The government’s trade margin cap on oxygen concentrators helped secure savings for consumers as the price of the critical device fell, the Chemicals and Fertilizers Ministry said on Friday.
On June 3, the National Pharmaceutical Pricing Authority (NPPA) capped the profit margin on oxygen concentrators at 70% of distributor price (PTD).
In accordance with this, “a total of 104 oxygen concentrator manufacturers / importers have submitted revised MRP for 252 products / brands,” he said.
A downward price revision of up to 54% has been reported in 70 brands, showing a reduction in the maximum retail price of up to Rs 54,337 per unit.

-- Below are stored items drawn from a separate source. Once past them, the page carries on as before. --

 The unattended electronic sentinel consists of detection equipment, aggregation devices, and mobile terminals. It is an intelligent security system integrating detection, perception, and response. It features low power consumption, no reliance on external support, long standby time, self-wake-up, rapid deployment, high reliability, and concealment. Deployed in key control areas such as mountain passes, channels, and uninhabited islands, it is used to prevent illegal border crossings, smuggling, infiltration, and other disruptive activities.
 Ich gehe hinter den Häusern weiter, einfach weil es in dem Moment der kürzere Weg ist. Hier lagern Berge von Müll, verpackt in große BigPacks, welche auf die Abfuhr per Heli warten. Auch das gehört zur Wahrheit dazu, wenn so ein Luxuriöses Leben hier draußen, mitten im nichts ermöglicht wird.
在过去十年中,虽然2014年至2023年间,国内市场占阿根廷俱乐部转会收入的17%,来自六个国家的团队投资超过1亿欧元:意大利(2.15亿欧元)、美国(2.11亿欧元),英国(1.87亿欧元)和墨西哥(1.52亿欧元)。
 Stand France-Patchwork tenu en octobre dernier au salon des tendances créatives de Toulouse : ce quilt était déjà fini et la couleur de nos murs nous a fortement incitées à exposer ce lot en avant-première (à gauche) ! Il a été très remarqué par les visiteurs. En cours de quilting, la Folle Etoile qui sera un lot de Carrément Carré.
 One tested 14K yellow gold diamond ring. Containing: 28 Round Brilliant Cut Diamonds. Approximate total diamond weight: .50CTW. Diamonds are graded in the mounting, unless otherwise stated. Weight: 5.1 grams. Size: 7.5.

In addition, 58 brands reported a price reduction of up to 25 percent and 11 brands reported a price reduction of 26 to 50 percent, according to the release.

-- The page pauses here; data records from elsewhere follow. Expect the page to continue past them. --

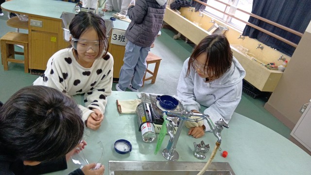 食塩水を蒸発させるとどうなるか、実験しています。
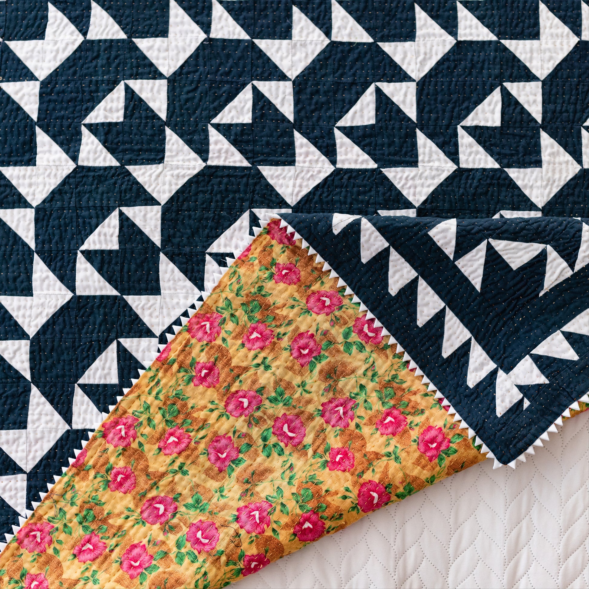A striking Sail Boat Rilli in classic navy and white, featuring bold geometric patterns on the front. The reverse side showcases a warm mustard floral print with vibrant pink blossoms. A beautiful, versatile throw—handmade by rural female artisans
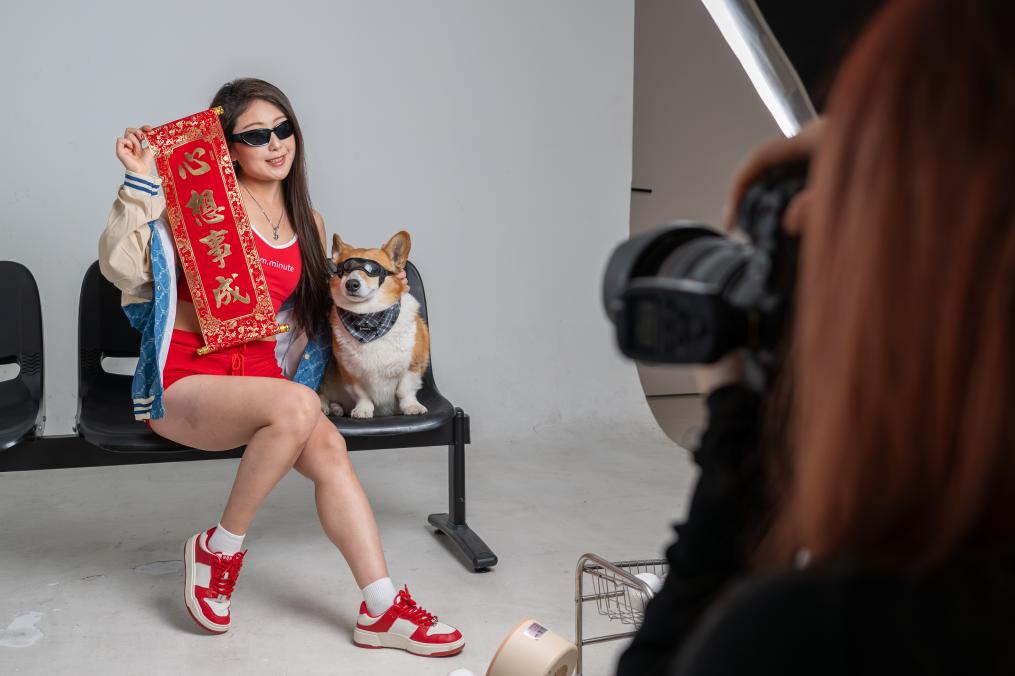2月2日,在湖北省武汉市一家宠物影像馆,一名顾客和自己的宠物狗拍摄新年写真。

“Out of 252 products / brands reported, 18 products / brands reported by domestic manufacturers showed no price drop,” he added.
Streamlining the oxygen concentrators’ markup has helped secure savings for consumers by eliminating unreasonable profit margins on imported products, the ministry said.
The revised MRP in effect from June 9, 2021 on all brands and specifications has been shared with national drug controllers for strict monitoring and enforcement, he added.
“In order to monitor availability, manufacturers / importers of oxygen concentrators have been asked to submit monthly stock details,” the statement said.
Oxygen Concentrator is an unlisted drug and currently under voluntary license from the Central Drugs Standard Control Organization (CDSCO).
In February 2019, the NPPA had succeeded in capping the trade margin on anticancer drugs.